Her beauty supply store sat on a corner often ignored except by the people who knew her and loved her. She talked about the white women who looked into her store from their car windows at the red light, wondering if they could shop there. “White women sit out there and peer in like they tryna decide if I sell tanning creams in here,” she snorted. “Girl, just come in. How many times you gon’ drive by and stare?”
She told me Korean wholesalers kept parts of their catalogs in Korean so Black owners could not access what they needed. But what hurt her most, she said, was not the wholesalers. It was watching Black shoppers bypass her store for places that do not even want them there. Her voice cracked, not from weakness but from the exhaustion of being right.

Inside, her store smelled like incense and unfiltered truth. But business was hard. Pressing against the walls like the Tacoma fog, you could see it from the lack of inventory.

The whole day felt like a magic trick. One moment we were discussing lace-front wigs, the next she was describing political failings.

And woven between her rants and roars were moments of sisterhood: a disabled woman who refused to be reduced, a business owner fighting two economies, one financial and one racial.

“Mattice,” I said gently, “the hardest thing in marketing is changing people’s minds. You keep trying to convince everyone this store is for all people. If someone who has never been in your store has decided the store is not for them, do not waste your energy. Serve the ones who already believe it is.”

By closing time, we had a plan: more product, more community, more clarity. Continue to be who she was, not who others demanded.

After providing her marketing to-do list, we lost touch. She stopped replying, and I did not take it personally. Some souls are too busy fighting battles the rest of us do not see.
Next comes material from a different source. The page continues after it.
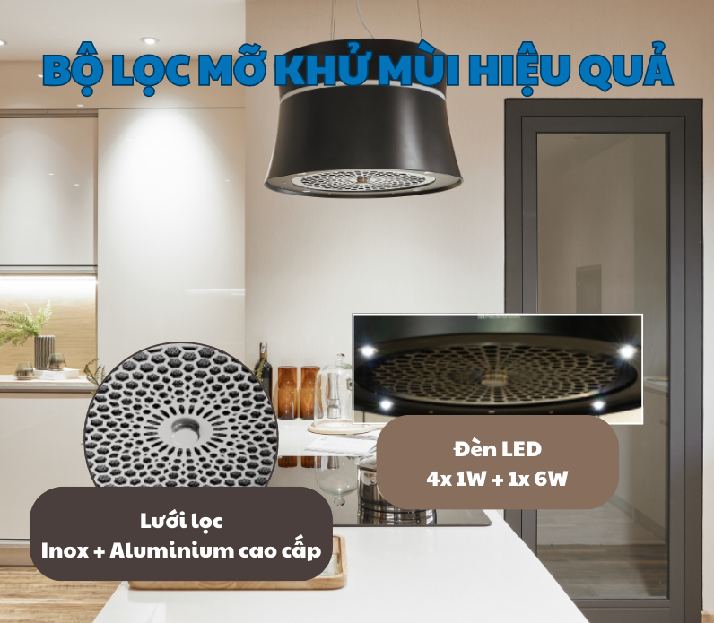Máy được trang bị 4 đèn LED công suất 1W để chiếu sáng không gian nấu nướng, đảm bảo ánh sáng đồng đều, không chói mắt. Thêm vào đó, đèn LED trang trí 6W tạo điểm nhấn sang trọng, phù hợp để làm nổi bật không gian bếp vào ban đêm.

Gone. The woman who laughed loudly. Cussed proudly. And loved deeply in a town where not everyone loved her back. Gone. Without public explanation, Tacoma learned that Mattice passed away.

Some feared her volume, her truth, her unwillingness to smooth edges that were never meant to be sanded. But many, more than she ever realized, admired the way she carried our community.
Mattice was a courageous soul, a municipal menace, unapologetically Black, unapologetically Tacoma. Tacoma lost a warrior, a watchdog, a woman who fought with her voice, a woman who told the truth even when it damaged her popularity, a woman who held culture like a torch. Because even when she could not stand, she stood for something.

As she often said, with that laugh that rattled, “For the culture.”